• Task directions: For the records below, copy exactly the span that begins at the line containing "灌装非常简单:使用加压气体(压缩空气或氮" and stops after the line containing "間取り | 3LDK |", minus any pictures.

(Data extracted from a collection)
::::::::::
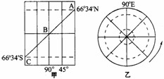 (2)根据甲图在乙图中画出晨昏线,用斜线表示夜半球。
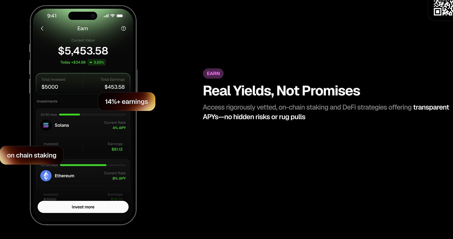 Triaは「Real Yields, Not Promises(約束でなく実利の利回り)」と称し、高利回りのステーブルコイン運用やステーキング機能を提供します。
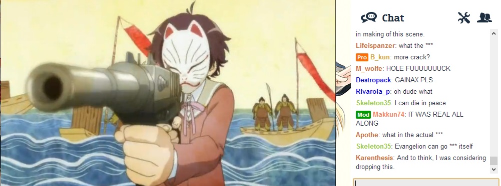 Einerseits hoffe ich, dass das nur eine dumme Ausreißerepisode war, andererseits … würde es mich auch nicht wirklich stören, wenn das die volle Gainax-Schiene runterfährt. Ich bleibe gespannt.
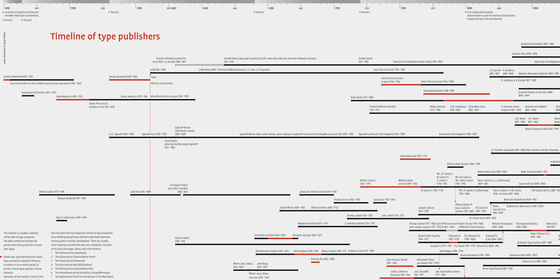 Timeline of type publishers – wykres prezentujący wydawców, którzy
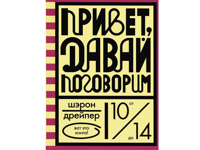 Есть одна замечательная книга, которую не хотелось бы оставить без внимания – «Привет, давай поговорим». Это воистину шедевр американской писательницы Шерон Дрейпер. Перед рассказом о самой книге я хотела бы упомянуть, что прообраз главной героини – дочка писательницы, больная ДЦП. И мне кажется, что эта книга, где повествование ведется от лица девочки, страдающей тяжелым заболеванием, серьезно ограничивающим ее возможности, помогла не только ее читателям, но и писательнице лучше понять свою дочурку. Книга очень трогательная.
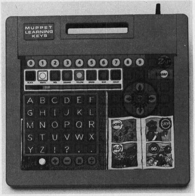 Muppet Learning Keys (Koala Technologies)—A computer peripheral for the Apple IIe, IIc, and the Commodore 64, Muppet Learning Keys is a computer keyboard which simulates the familiar contents of a child's school desk to help youngsters learn basic skills.
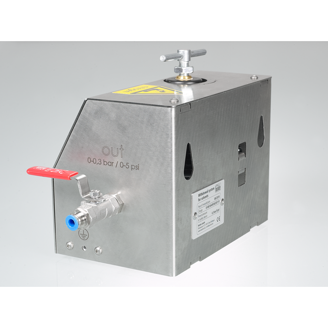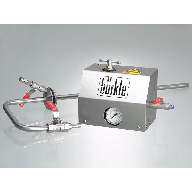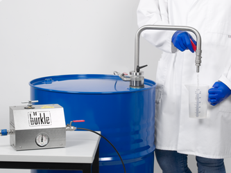 灌装非常简单:使用加压气体(压缩空气或氮气)在容器中产生超压,迫使液体从容器中流出。使用加压气体的好处是,用户可以轻松取出大量溶剂,并腾出双手重新填充溶剂。这意味着,即使是丙酮、乙醇、甲醇等危险介质,也可以通过排放龙头进行安全填充和精确计量。对于氧敏感或高纯度介质,可使用惰性气体(如氮气)。
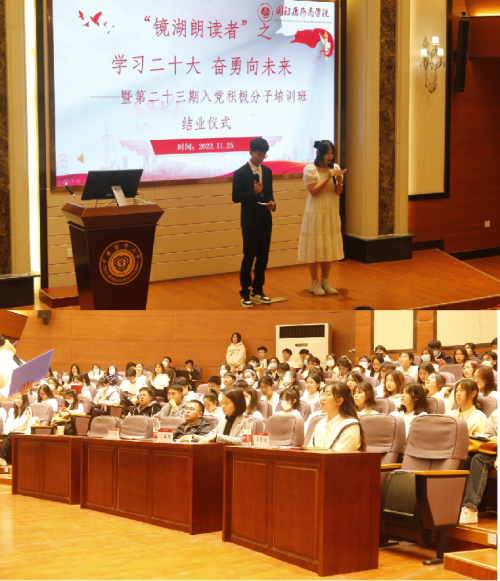 11月25日晚,A片网站 在江宁校区经管文楼111报告厅举办镜湖朗读者之“学习二十大,奋勇向未来”暨第二十三期入党积极分子培训班结业仪式。学院党委书记丁素军及培训班全体学员参加此次活动。
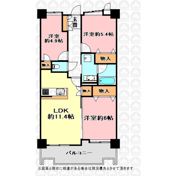 | 専有面積 | 61.82m²(壁芯) | 間取り | 3LDK |
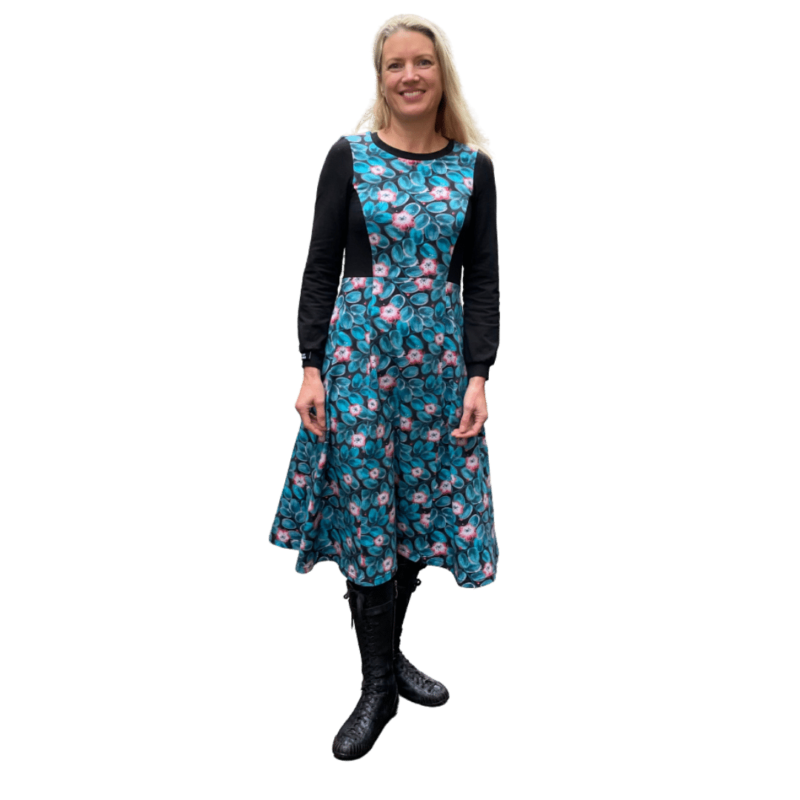 Tina hat die Teilungen des Kleides verwendet um Jill aus unterschiedlichen Stoffen zu nähen. Dadurch sind zwei einmalige Kleider entstanden!
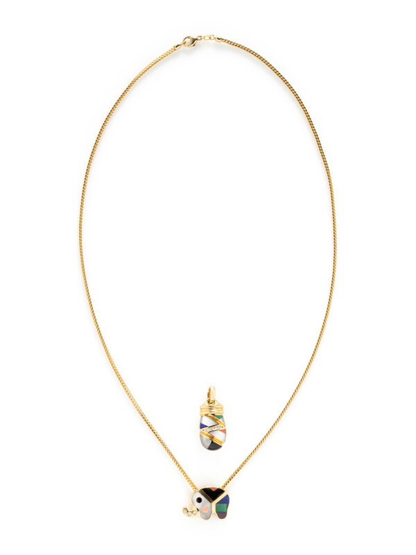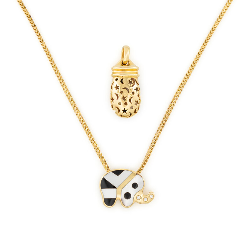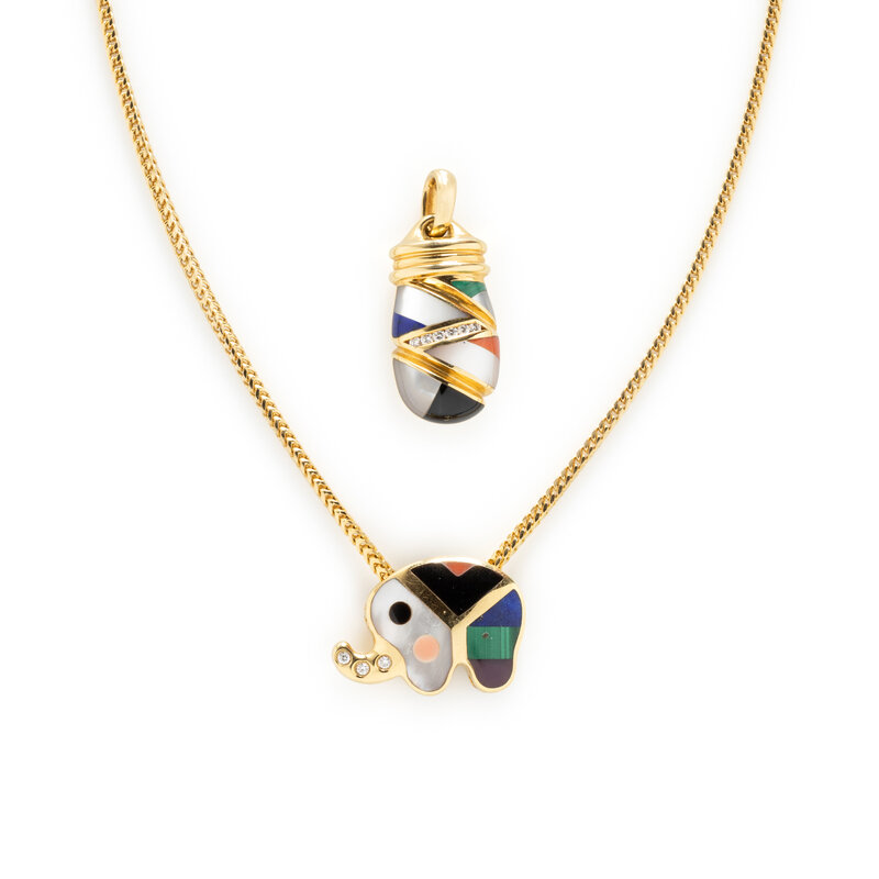 Consisting of two pendants set with mother-of-pearl, round brilliant cut diamonds, coral, onyx, malachite, lapis lazuli, and sugilite, and an unsigned chain. 14 karat yellow gold. Chain: 23 3/4 inches long. Elephant pendant: 3/4 x 1 inch. Oval pendant: 1 inch long.
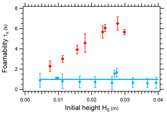 Foamability as a function of the initial height of liquid introduced in the glass column: decane/toluene (45/55 wt%) (blue circles) and decane/toluene (45/55 wt%) with 5 wt% of asphaltenes TR (red diamonds). Solid lines are guide for the eye. The flow rate of nitrogen is equal to 1.04 × 10−5 m3/s. The full line corresponds to the value of the foamability of a decane/toluene solution obtained by averaging all the measured values.
::::::::::
• Task answer:
 灌装非常简单:使用加压气体(压缩空气或氮气)在容器中产生超压,迫使液体从容器中流出。使用加压气体的好处是,用户可以轻松取出大量溶剂,并腾出双手重新填充溶剂。这意味着,即使是丙酮、乙醇、甲醇等危险介质,也可以通过排放龙头进行安全填充和精确计量。对于氧敏感或高纯度介质,可使用惰性气体(如氮气)。
 11月25日晚,A片网站 在江宁校区经管文楼111报告厅举办镜湖朗读者之“学习二十大,奋勇向未来”暨第二十三期入党积极分子培训班结业仪式。学院党委书记丁素军及培训班全体学员参加此次活动。
 | 専有面積 | 61.82m²(壁芯) | 間取り | 3LDK |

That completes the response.